Premature newborns < 32 weeks of gestational age were included. Eligible patients were divided into 2 groups: Group 1: without IVH or grade I and II hemorrhage, and Group 2: grade III and IV HIV. Demographic characteristics, clinical outcomes, monocyte-to-lymphocyte ratio (MLR), neutrophil-to-lymphocyte ratio (NLR), platelet-to-lymphocyte ratio (PLR), systemic immune inflammation index (SII), pan-immune inflammation value (PIV), and Systemic inflammation response index (SIRI) were compared between groups.

RESULTS

A total of 1176 newborns were included in the study, 1074 in Group 1 and 102 premature babies in Group 2. There was no difference between the groups in terms of the count of leukocytes, neutrophils, monocytes, lymphocytes and platelets (p > 0.05).
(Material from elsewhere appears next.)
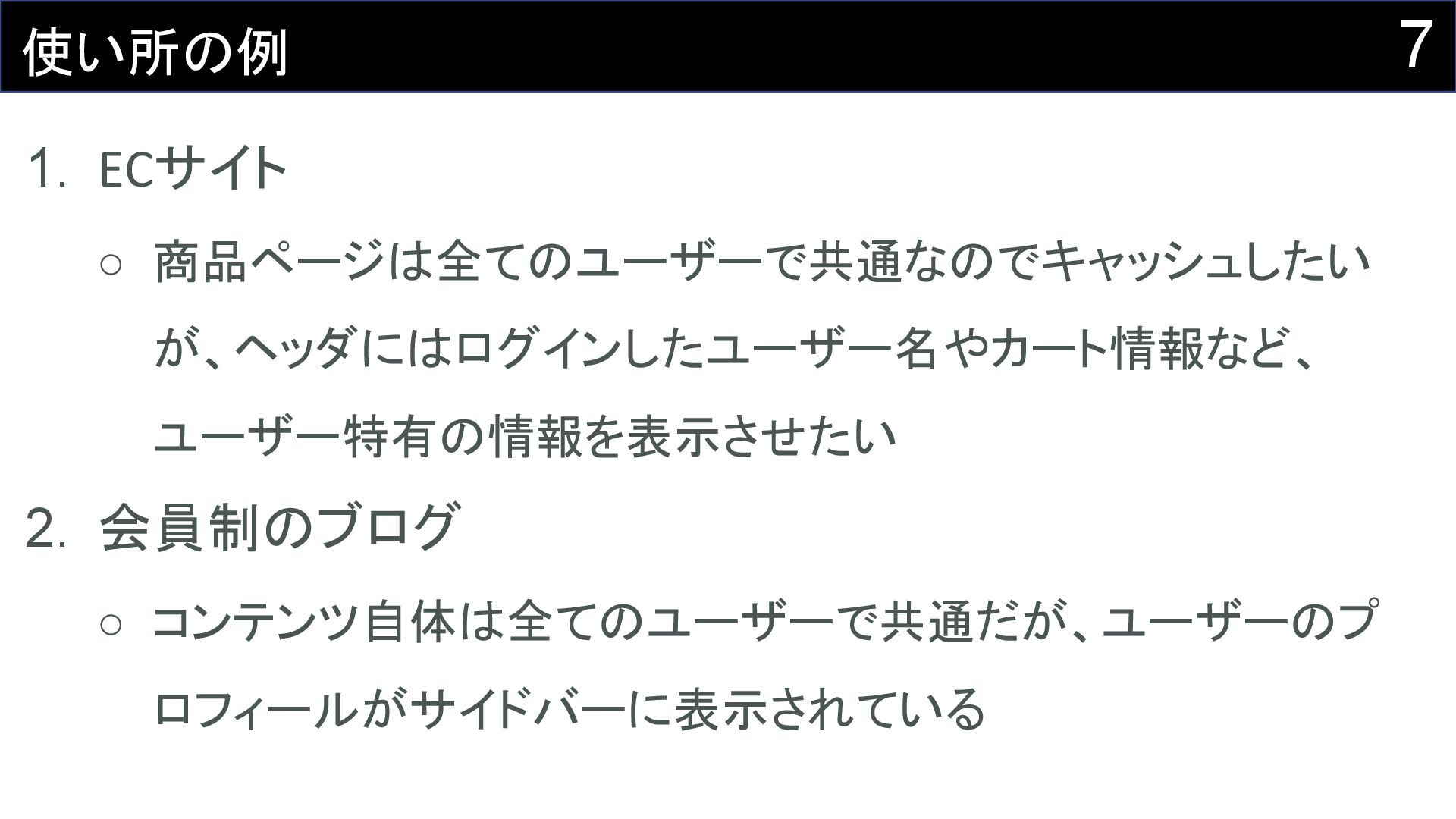 7 使い所の例 1. ECサイト ◦ 商品ページは全てのユーザーで共通なのでキャッシュしたい が、ヘッダにはログインしたユーザー名やカート情報など、 ユーザー特有の情報を表示させたい 2. 会員制のブログ

The values of NLR, MLR, PLR, PIV, SII and SIRI were similar in both groups (p > 0.05).

CONCLUSION

While the relationship between inflammation, hemodynamics and IVH is still under discussion, our results show that systemic inflammatory indices have no predictive value for IVH.

摘要

目的

评估早产儿出生第 1 天的全身炎症指标与严重脑室出血(IVH)发展之间的关系。

方法

纳入胎龄<32 周的早产儿。符合条件的患者分为 2 组:组 1:无 IVH 或 1 级和 2 级出血,组 2:3 级和 4 级 HIV。比较两组之间的人口统计学特征、临床结局、单核细胞与淋巴细胞比值(MLR)、中性粒细胞与淋巴细胞比值(NLR)、血小板与淋巴细胞比值(PLR)、全身免疫炎症指数(SII)、泛免疫炎症值(PIV)和全身炎症反应指数(SIRI)。

结果

共有 1176 名新生儿纳入研究,其中 1074 名在组 1,102 名早产儿在组 2。两组白细胞、中性粒细胞、单核细胞、淋巴细胞和血小板计数无差异(p>0.05)。两组 NLR、MLR、PLR、PIV、SII 和 SIRI 相似(p>0.05)。

结论

虽然炎症、血液动力学和 IVH 之间的关系仍在讨论中,但我们的结果表明全身炎症指标对 IVH 无预测价值。